Bless - I know that you are trying so score some point here Vic - but there will be a number of people on here that have experience in planning and managing major negotiations and I am content to let you continue to embarrass yourself for a while.
But to help a little bit...…...
With regard to preparing to undertake negotiations between the UK and EU on a wide-ranging FTA that will be the key contributing factor to the economic health of both parties for many years to come - your starter for 10 was:
Try me.
US: We want to keep your fishing boats out of our waters.
EU: then we won't buy your fish.
No Vic - it is not a game of noughts and crosses - where you toss a coin to see who goes first
Whilst the policy on fishing has importance as a 'card' - waaay before you have that interaction the UK team will be establishing their target Ideal, Realistic and Fallback positions at the 'macro levels'. Just as important our team will be establishing those of the EU and how these can be accommodated alongside ours and where these clash.
The EU have indicated what they seek - Van Leyden's recent emphasis on the 'absolute' requirements of equality of a level playing field and UK adherence to regulations amply suggest what they want and what they fear. Her comments on the need for more and more extensions - during which the UK will have to comply/adhere to EU regulations - also indicate their preferred approach to the management of the next stages - to give nothing of substance away and to agree longer and longer extensions.
It is from this strategic planning - which should have been commenced in the weeks after June 2016 - that the shape of Johnson's Brexit and any 'genuine red-lines' will emerge.
Frankly, we are already > 3 years behind the EU and such planning will hardly have started yet as Johnson could not be in a position to implement a genuine negotiation strategy until a Westminster majority was secured - he and his team have had all their focus and energy diverted on dealing with the EU proxies such as Grieve, Soubry and Benn.
So we start from a weaker position anyway and that is made worse by > 3 years of delay in properly planning negotiations and even worse still by the presence of a WA that has been largely drafted by a docile UK team at the EU's direction. Only the ruinous unfettered backstop has been removed - and thank the fuck for that as that utterly poisonous arrangement totally destroyed any future negotiating position of the UKs.
I have mentioned that there are some signs that the UK is starting to involve professionals in the design and management of its negotiations - the hard-stop on the timetable was a clear example of that and we see from the EU reaction how that is thoroughly irritating to them. They want control, full control and anything that impacts their having control is anathema to them. This is why May's deal was so perfect for the EU and so ruinous for the UK - unfortunately there is still a lot of May's surrender clauses within the WA.
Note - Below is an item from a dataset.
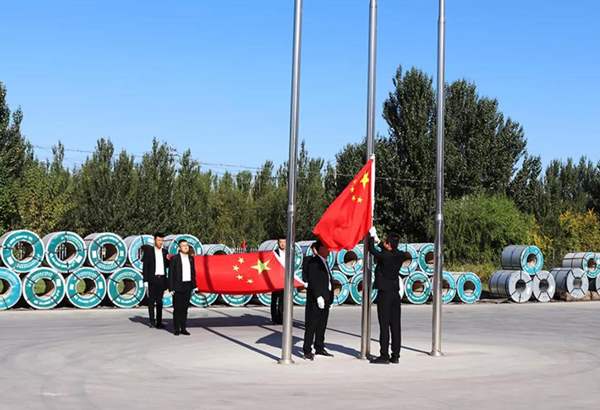 祖國華誕之日,舉行升國旗儀式。回顧過去,展望未來,既有創(chuàng)業(yè)的艱辛,又有**成績(jī)的自豪,更有再創(chuàng)輝煌的動(dòng)力。贊龍慶鋼構(gòu)的快速發(fā)展離不開全體員工的共同努力。在國旗下,我們?yōu)辇垜c鋼構(gòu)的發(fā)展立下心志,我們要團(tuán)結(jié)一心,統(tǒng)一思想,提高認(rèn)知,把個(gè)人的人生價(jià)值追求融入到龍慶鋼構(gòu)的經(jīng)營發(fā)展中,以高度的“主人翁”意識(shí)狠抓各項(xiàng)目標(biāo)任務(wù)的落實(shí),踐行龍慶企業(yè)文化,為龍慶實(shí)現(xiàn)企業(yè)目標(biāo)持續(xù)奮斗!

But the hard-stop is only of benefit if there is other planning in-hand to ensure that we have our Ideal, Realistic and Fallback positions properly defined at both the macro level - e.g. a clearly defined future economic model that determines our position on regulations and at the individual workstream level - e.g. our stance on fishing.
The EU have started to refer again to the risk of a No-Deal outcome - and this is important because it is something, one of the only things, that they are genuinely concerned about. Their concerns are not just because of the initial disruption - but also what it may lead to as a major economy, newly independent of their regulations and taking an economic hit as a result, needs to take dramatic/forceful actions to support recovery.
Without any 'need' to shift their position(s) the EU would happily just sit and let the clock click on for years to come - therefore it follows that we need to assess what are the few factors that would 'make them shift' - and something that has been an utterly obvious truism for > 3 years is:
"We will not see movement from the EU unless and until they face the prospect of a viable walk-away option and the political will to use it."
The key aspects are
viable and
political will. The EU did not face these under the May premiership and would not have expected to face them at all - the recent GE outcomes changes this and without such a 'fallback' at the macro level - then the rest is just unfounded hubris
No Vic - it is not a game of noughts and crosses like you seem to think - nor a situation of bartering at a market stall. We start from a position of the weaker partner - made much weaker by the incompetence of May/Robbins and the passage of so much time without effective preparations for a (even a partial) No-deal outcone.
You do not start these negotiations by chatting shit about fish.